- **What to produce**: Retype exactly the span of lines below from the one with "张某某以不知所提取货物是毒品" through the one with "淘宝头层牛皮运动休闲鞋系带厚底老爹鞋女2025秋冬羊毛高帮女鞋马丁靴". Do not include pictures.

- **Listed records**:

-=-=-

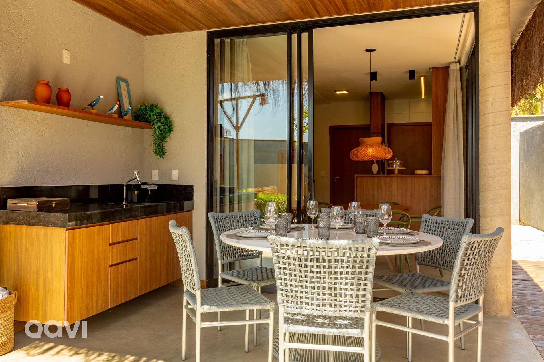 Upon entering the property, you will be greeted by a setting of tranquility and beauty, with an inviting private pool, surrounded by sun loungers and outdoor seating areas, perfect for enjoying sunny days under the blue skies of Alagoas. Whether relaxing in the refreshing water of the pool or enjoying a barbecue with friends and family in the gourmet space next door, every moment in this house is a unique experience.
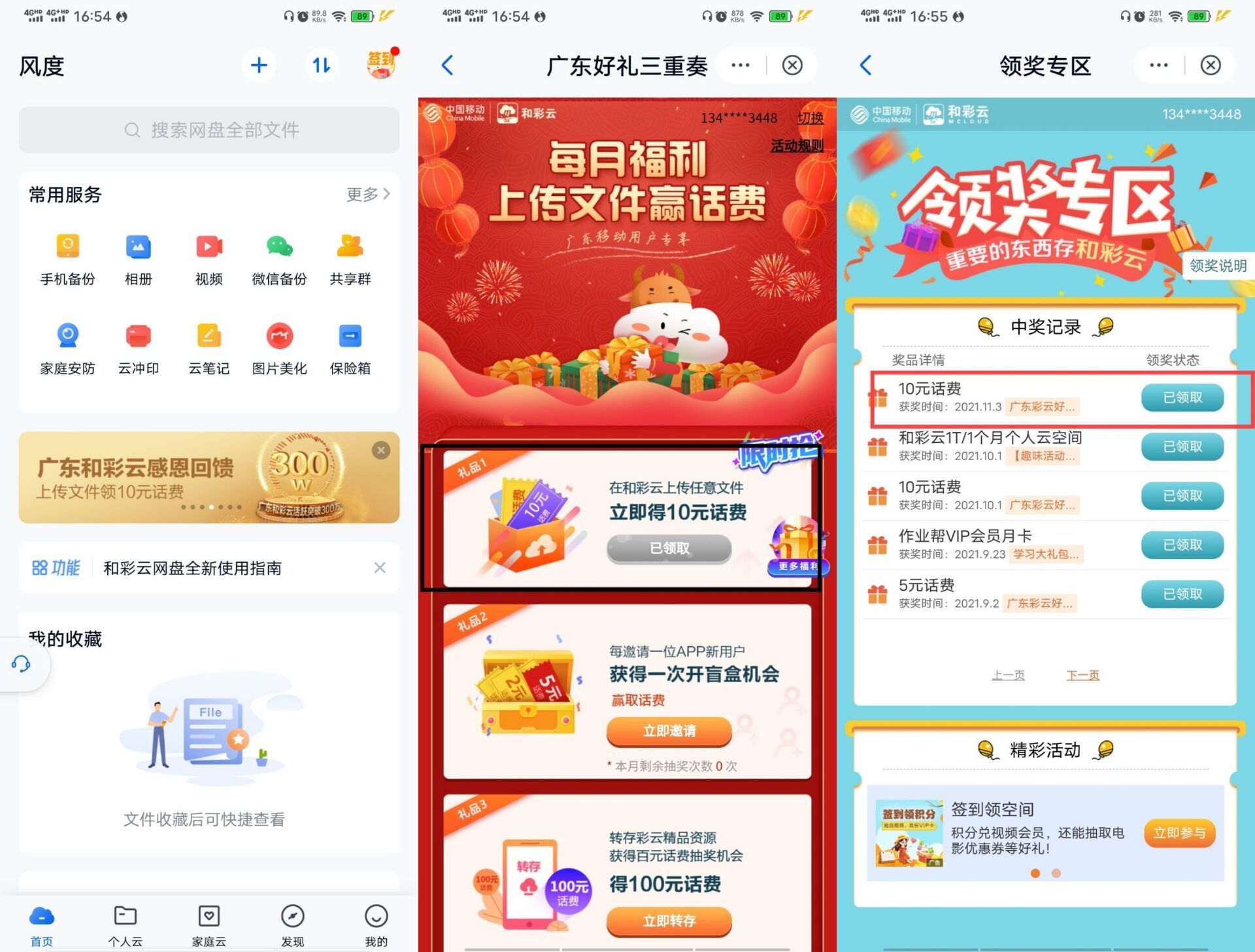 【广东移动用户领10元话费】新一期!各大应用下载“和彩云”->首页横幅进->根据提示完成任务!
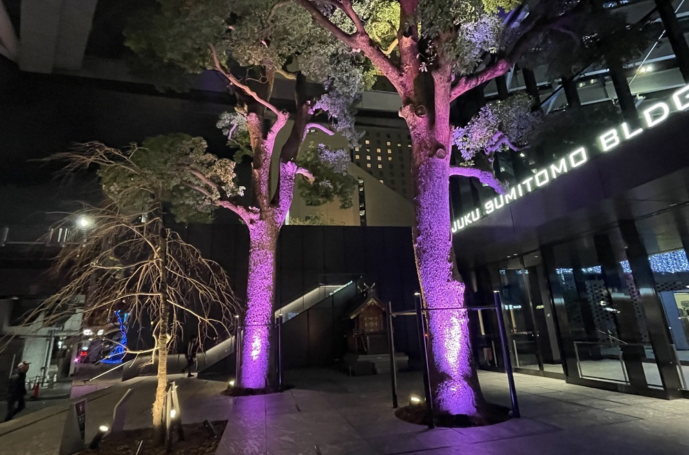 新宿住友ビル前の2本の楠をライトアップした「Twin Trees」。
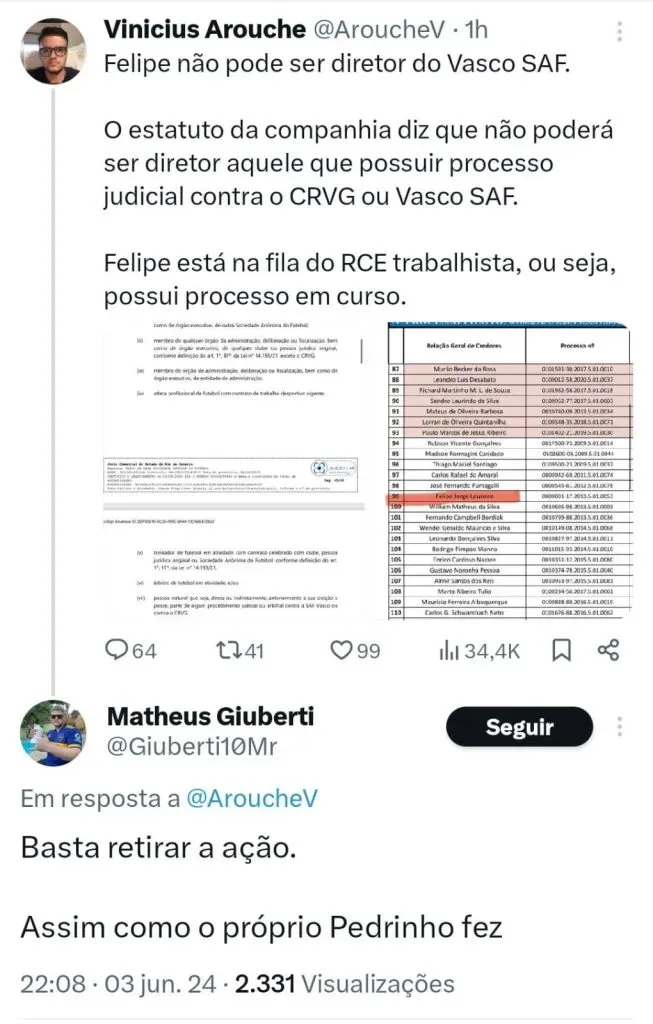 A questão é que as polêmicas parecem cercar o clube neste momento. Isso porque um possível impedimento para a efetivação de Felipe foi apresentado. “Felipe não pode ser diretor do Vasco SAF. O estatuto da companhia diz que não poderá ser diretor aquele que possuir processo judicial contra o CRVG ou Vasco SAF. Felipe está na fila do RCE trabalhista, ou seja, possui processo em curso”, postou Vinicius Arouche, advogado e sócio do clube.
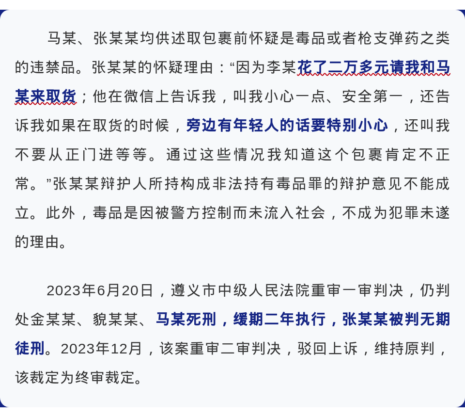 张某某以不知所提取货物是毒品、不是主犯、不构成运输毒品罪、量刑过重等为由提起上诉,马某以“被李哥骗,不知运输的是毒品,量刑过重”为由提起上诉。
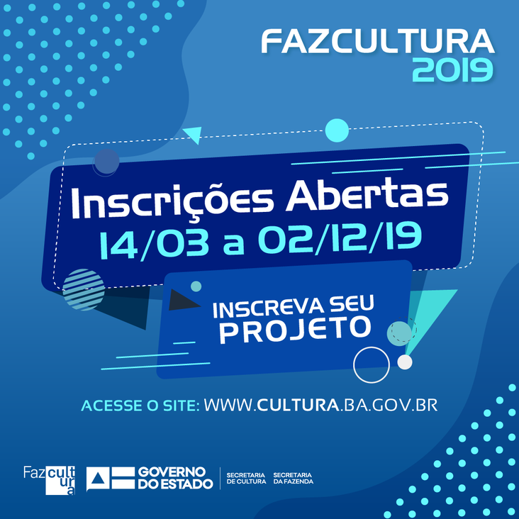 O Governo da Bahia assegurou para o Fazcultura, em 2019, 15 milhões de reais. A legislação do programa autoriza propostas de qualquer segmento cultural, podendo se inscrever pessoas físicas ou jurídicas, sediadas no estado da Bahia.
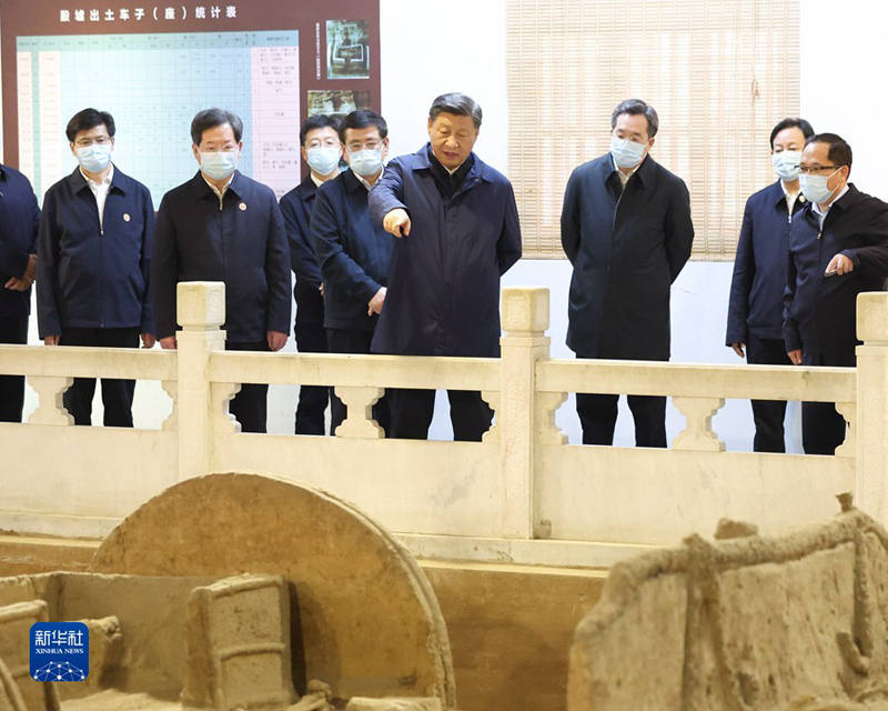 10月26日至28日,中共中央總書記、國家主席、中央軍委主席習近平在陜西省延安市、河南省安陽市考察。這是28日下午,習近平在安陽市殷墟遺址考察。(新華社記者 鞠鵬/攝)
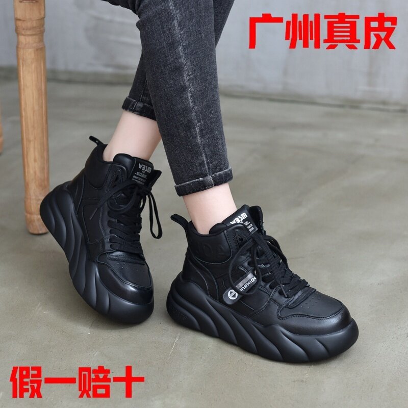 淘宝头层牛皮运动休闲鞋系带厚底老爹鞋女2025秋冬羊毛高帮女鞋马丁靴
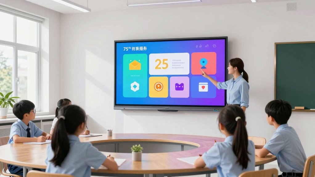 The operating system of an interactive touchscreen display plays an essential role in guaranteeing compatibility with educational apps and software, which directly impacts the learning experience. Displays running on Android OS offer access to a vast array of applications through the Google Play Store, providing flexibility and customization options. Windows-based displays allow seamless integration with traditional desktop software, making them suitable for environments that rely on specific programs. Additionally, the operating system influences user familiarity; educators often prefer systems matching devices they already use, like Android tablets or Windows laptops. Regular updates are also significant, as they improve security and introduce new features. When choosing a display, consider the manufacturer’s update policy to guarantee long-term compatibility and functionality in the classroom setting.
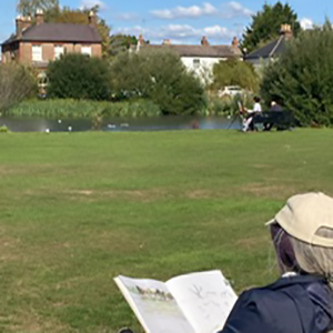 On what turned out to be the hottest day of the year so far, a small group of members gathered at the Molesey Lock Café for a morning of sketching and painting in the sunshine. Some bravely took on scenes in the full glare of the sun while others took advantage of the welcome shade offered by the café or trees along the riverside. Proximity to the river maybe meant the temperature was a degree or so lower but wherever we were it was an enjoyable morning and for some rewarded with a delicious ice-cream at the café.
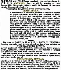 10. "Advertising: For sale 'Craigieburn' Estate". Robertson Advocate. 31 December 1909. p. 3. Retrieved 22 June 2020 via Trove.
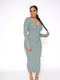 Long sleeve ribbed bodycon maxi dress. Featuring a prominent round neckline, front snap-button closure, and elegant side leg split. Not only does this bodycon have great stretch, but its luxurious fabric also sculpts the body giving you an elevated hourglass figure
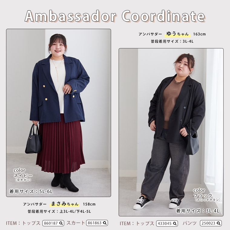 普段は4Lを中心に着用。こちらのジャケットは3L-4Lにするとスーツのジャケット感があり、4L-5Lにするとコートっぽいジャケットになります。ぱっと見大きいかな?と思いますが、秋冬はインナーも分厚くなるので4L-5Lにしました。金ボタンは高級感がないのでつけかえようかな?と思っています。室内で着ていても、外で着ていても違和感のない絶妙なデザインです。黒ボタンの3L-4L買い足そうかなと思ったら売り切れか・・。袖をおりかえせるように袖部分だけ裏地がありますが、袖を通す時の滑りやすさがあるので裏地つき、とてもいいです。体部分には裏地がありません。
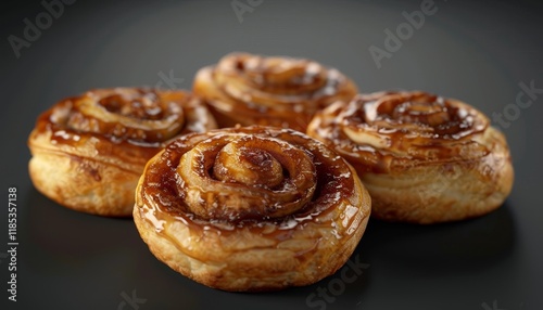 Four golden brown cinnamon rolls with a sweet glaze, arranged in a semi-circle on a black surface.
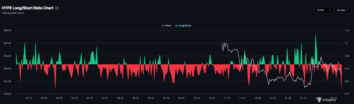 HYPE long-to-short ratio chart. Source: Coinglass
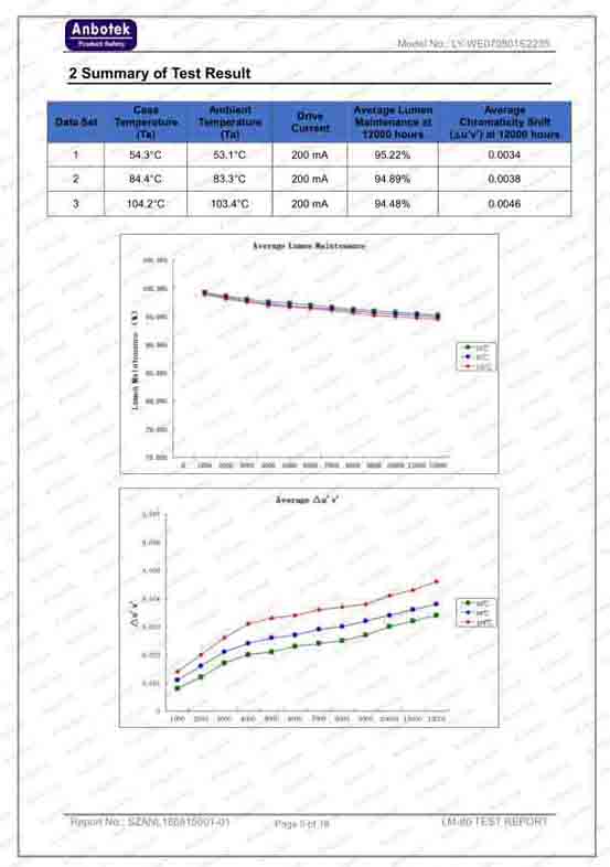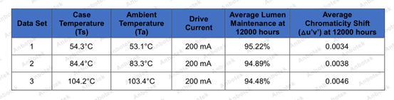 本次测试,立洋股份5050产品12000小时流明维持率分别为:54.3℃12000小时高达95.22%、84.4℃12000小时高达94.89%、104.2℃12000小时高达94.48%,由此可见立洋股份5050产品的超低光衰。依据TM-21寿命推算方法,在200mA驱动电流下,55℃、85℃、105℃这三组预设温度推算L70寿命分别为115000小时、115000小时、101000小时,此测试结果表明立洋股份5050产品具有良好的使用寿命。
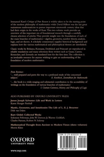 Immanuel Kant's Critique of Pure Reason is widely taken to be the starting point of the modern period of mathematics while David Hilbert was the last great mainstream mathematician to pursue important nineteenth century ideas. This two-volume work provides an overview of this important era of mathematical research through a carefully chosen selection of articles. They provide an insight into the foundations of each of the main branches of mathematics - algebra, geometry, number theory, analysis, logic, and set theory - with narratives to show how they are linked. Classic works by Bolzano, Riemann, Hamilton, Dedekind, and Poincare are reproduced in reliable translations and many selections from writers such as Gauss, Cantor, Kronecker, and Zermelo are here translated for the first time. The collection is an invaluable source for anyone wishing to gain an understanding of the foundation of modern mathematics.
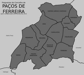| Keywords: Paços de Ferreira freguesias 2013.svg pt Freguesias do concelho de Paços de Ferreira Fontes Diário da República Reorganização administrativa do território das freguesias Lei n º 11-A/2013 de 28 de janeiro Direcção-Geral do Território Carta Administrativa Oficial de Portugal CAOP versão 2013 Continente http //www dgterritorio pt/ficheiros/cadastro/caop/caop_download/caop_2013_0/caop2013cont_zip_2 en Civil parishes in the municipality of Paços de Ferreira Portugal Sources Diário da República Administrative reorganization of the civil parishes' territory Law n 11-A/2013 from 28th January Direcção-Geral do Território Official Administrative Chart of Portugal CAOP version 2013 Mainland http //www dgterritorio pt/ficheiros/cadastro/caop/caop_download/caop_2013_0/caop2013cont_zip_2 2014-04-12 19 12 43 own Gazilion cc-zero Uploaded with UploadWizard Paços de Ferreira SVG maps of freguesias in Portugal |
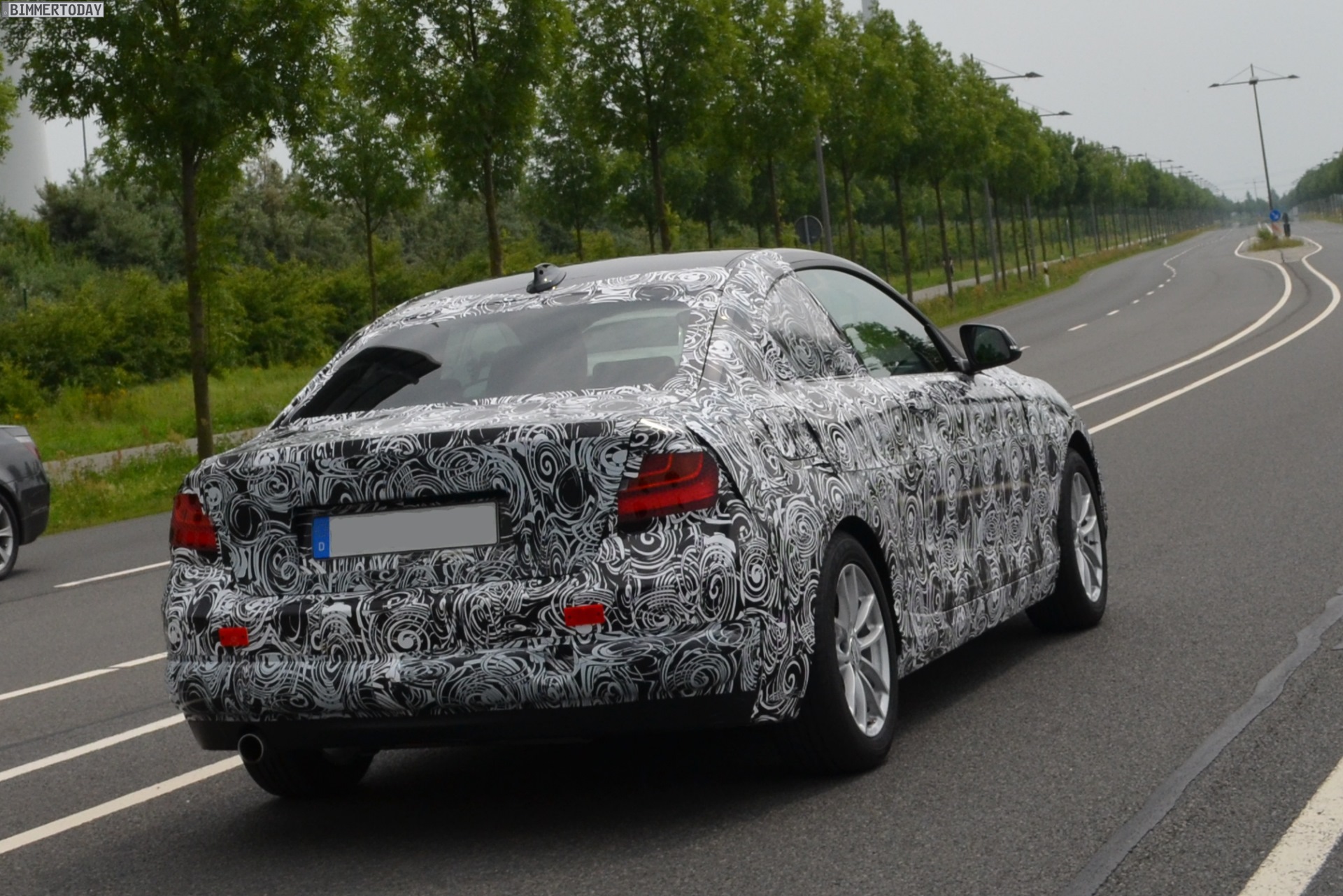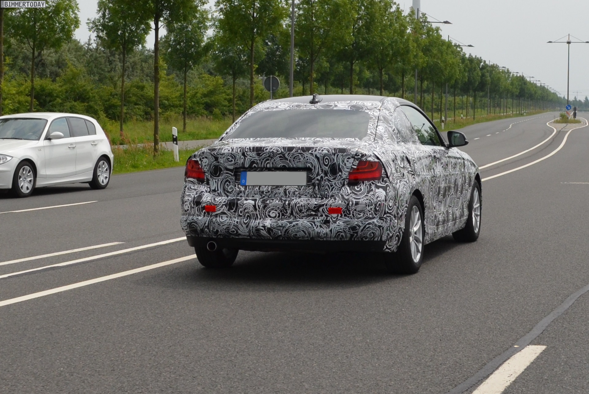 Wer sich vom 3D-Modell noch nicht überzeugen lassen wollte und die Proportionen des neuen BMW 2er F22 lieber anhand echter Fotos beurteilen möchte, sollte sich die Erlkönig-Fotos von unserem Leser Thorsten nicht entgehen lassen. Er hat einen leider noch stark getarnten Prototypen der 2er-Reihe in der Nähe vom Werk Leipzig erwischt, wo derzeit noch die letzten Einheiten des aktuellen 1er Coupé vom Band laufen, bevor mit der Produktion des 2er Coupé begonnen wird.
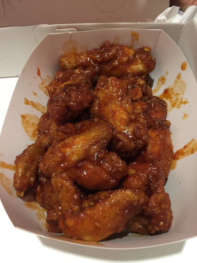 炸鸡 下面是炸土豆片,就是灯光太吓人。
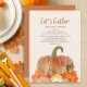 Janto de Ação de Graças para amigos e/ou família. A abóbora laranja e o ouro brilhante caem folhas com texto, "Vamos se reúne e dá obrigados." Adicione suas informações de janto e localização a este belo cartão.
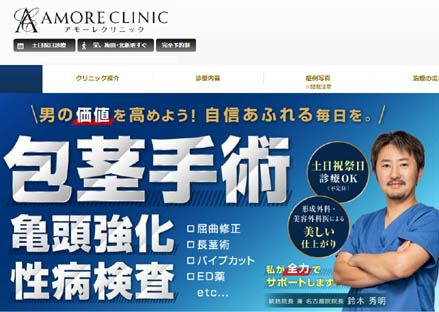 | アモーレクリニック 名古屋院(栄) | ★3.6 (★3.6:①+②+③+④+⑤の平均) | ★4.0 | ★3:多くの美容・形成外科クリニックを経験した医師が院長、実績数は非公開、 | ★1 環状切開術:297,000円 ウェーブ法:350,000円 クランプ法:418,000円 根部切開法:450,000円 カントン包茎の場合:143,000円 真性包茎の場合:165,000円 | ★5 ・完全予約制 ・個室カウンセリングと診療 ・男女美容外科(男性のみで対応) | ★5 ・アフターケア有り ・追加費用なし ・24時間相談無料 |
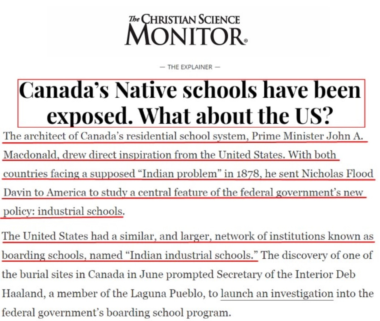 美國《基督教科學(xué)箴言報》曾發(fā)文揭露,加拿大原住民寄宿學(xué)校系統(tǒng)的所謂“靈感”本就來自美國。從1819年的所謂“印第安人文明開化法案”開始,美國便實施了一系列旨在“同化印第安人”的法律政策,在全國范圍設(shè)立或資助寄宿學(xué)校,強行安排印第安兒童入學(xué)。
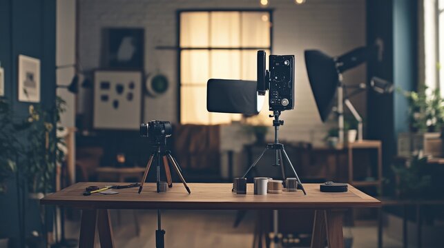 Professional camera equipment setup in creative photography studio environment with tripods lighting and backdrop scene

-=-=-

- **Finished task**:
 张某某以不知所提取货物是毒品、不是主犯、不构成运输毒品罪、量刑过重等为由提起上诉,马某以“被李哥骗,不知运输的是毒品,量刑过重”为由提起上诉。
 O Governo da Bahia assegurou para o Fazcultura, em 2019, 15 milhões de reais. A legislação do programa autoriza propostas de qualquer segmento cultural, podendo se inscrever pessoas físicas ou jurídicas, sediadas no estado da Bahia.
 10月26日至28日,中共中央總書記、國家主席、中央軍委主席習近平在陜西省延安市、河南省安陽市考察。這是28日下午,習近平在安陽市殷墟遺址考察。(新華社記者 鞠鵬/攝)
 淘宝头层牛皮运动休闲鞋系带厚底老爹鞋女2025秋冬羊毛高帮女鞋马丁靴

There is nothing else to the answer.